Photo: Alyssa Haywoode for Strategies for Children
Photo: Alyssa Haywoode for Strategies for Children

Last week, NPR Ed — which explores how learning happens — ran a series called Playing to Learn, a multimedia look at “why people play and how play relates to learning.” It’s a delightful summertime look at how play engages and educates children — and adults.

Here’s a sample of the Playing to Learn reports.

Where the Wild Things Play

“Free and unstructured play: It’s vital for children,” NPR host Melissa Block says in the introduction to this report. “Research shows a connection between play and kids’ social, emotional, and cognitive development. But playtime in America’s cities is in decline.”

Fortunately, NPR reporter Eric Westervelt finds a stronghold of play at an adventure playground in Berkeley. It’s a “free-range, public playground” where “kids have to talk to each other, problem solve — and they get messy together.”

But as this report explains, “play is in trouble.” Recess has been trimmed. And play is increasingly more structured and controlled.

There are, however, geographic differences.

“In less litigious Europe there are lots of these kinds of free-range public playgrounds,” Westervelt explains. “They flourished after the Second World War. Europeans more readily embraced spaces for children to engage in what developmental psychologists call managed risk. But in the U.S. today there are barely half-a-dozen adventure-style public playgrounds.”

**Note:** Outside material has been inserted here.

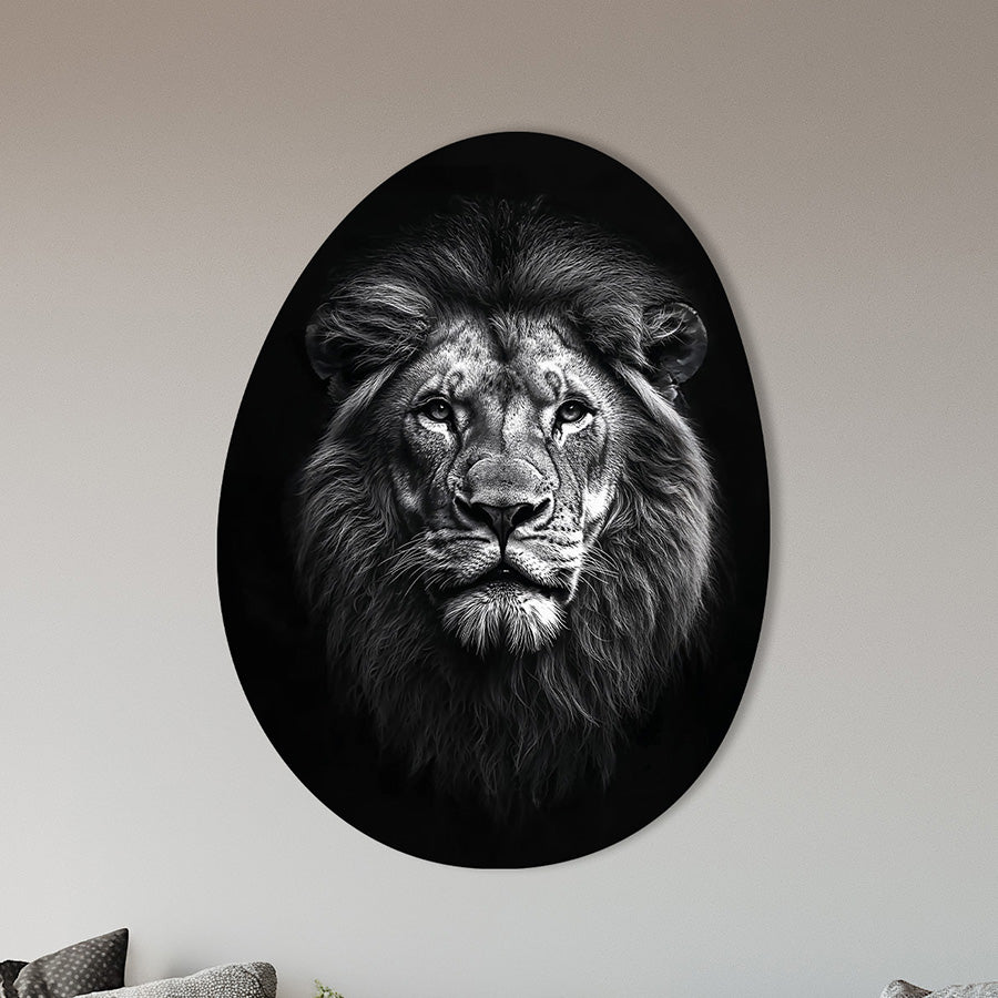 A design of a lion's head against a black background.

According to Dr. Stuart Brown, director of the National Institute for Play, “It’s really central that kids are able to take their natural and intense play impulses and act on them and find in the environment the opportunity to engage in open, free play where they’re allowed to self-organize. And it’s really an essential part of being human and developing into competent adulthood,”

Scientists Say Child’s Play Helps Build A Better Brain

“The brain’s executive control system helps regulate emotions, make plans and solve problems,” NPR reporter Jon Hamilton explains in his report. And “for the system to develop properly children need plenty of so-called free play: no coaches, no umpires, no rulebooks.”

The experience of free play “changes the connections of the neurons at the front end of your brain, which are a major part of the executive control system of your brain. And without play experience those neurons aren’t changed,” according to Sergio Pellis, a researcher at the University of Lethbridge in Canada.

Jaak Panksepp, a professor of Integrative Physiology and Neuroscience at Washington State University, adds, “The function of play is to build pro-social brains — social brains that know how to interact with others in positive ways.”

Pellis asks a key question: What’s a better predictor of eighth grade academic performance: social skills or current academics? According to research, Pellis says, “the better predictor is social skills.”

When Kids Start Playing to Win

Competition can get a bad name, especially when winners are bad sports. But as NPR’s Cory Turner reports, the “rush to compete is perfectly natural,” according to Tovah Klein, author of the book “How Toddlers Thrive.” Competitiveness “kicks in around 4 or 5 years old… when kids get really good at one thing: categorizing.”

Turner adds, “Competition is not a dirty word. For kids, it can be a really good thing because managing failure and learning from our mistakes are vital skills in adulthood that we have to be taught as kids. Well, how do you do that? Easy – don’t focus on winning.”

“It’s not all about winning,” according to Kenneth Barish, a clinical associate professor of psychology at Weill Cornell Medical College. “It’s also about teamwork. And it’s about effort, becoming a better player,”

Turner says: “It’s OK for kids to want to win. Adults just have to help them find the balance between winning and – key word here – improving.”

Play Doesn’t End With Childhood: Why Adults Need Recess Too

NPR reporter Sami Yenigun says a big reason that adults play is that “play is social. It’s how many of us maintain our social well being. Not just board games but soccer leagues or paintball in the woods. Not just after work, but team building exercises in corporate offices.”

And Brown, the head of the National Institute for Play, says “couples who sustain the sense of mutual playfulness with each other — and that that’s significant for each — tend to work out the wrinkles in their relationship much better than those who are really serious.”

According to Brown, “What you begin to see when there’s major play deprivation in an otherwise competent adult is that they’re not much fun to be around. You begin to see that their perseverance and joy in work is lessened. And that life is much more laborious.”

For more ideas about adult play, NPR has posted a “Find Your Happy Place” quiz.

Adults in the Boston area can play at the Boston Children’s Museum on Wednesday, August 27, 2014, from 6 to 9 p.m. That’s when the museum will host the Boston Grown-ups Museum. “Come play in our groundbreaking exhibits while enjoying beer, wine and tasty treats for purchase. Bring friends and meet new ones as you explore interactive exhibits, attempt to build a ‘big kid’ sized fort, and explore your inner artist in the Art Studio.” Participating adults will need to bring I.D. to prove that they are 21 or older. Tweet about the event using the hashtag #BostonGrownUpsMuseum.

To find out more about children’s play, check out the Alliance for Childhood, which has a number of articles about play posted on its Facebook page.

Or just pick a game and play it; the benefits promise to be considerable.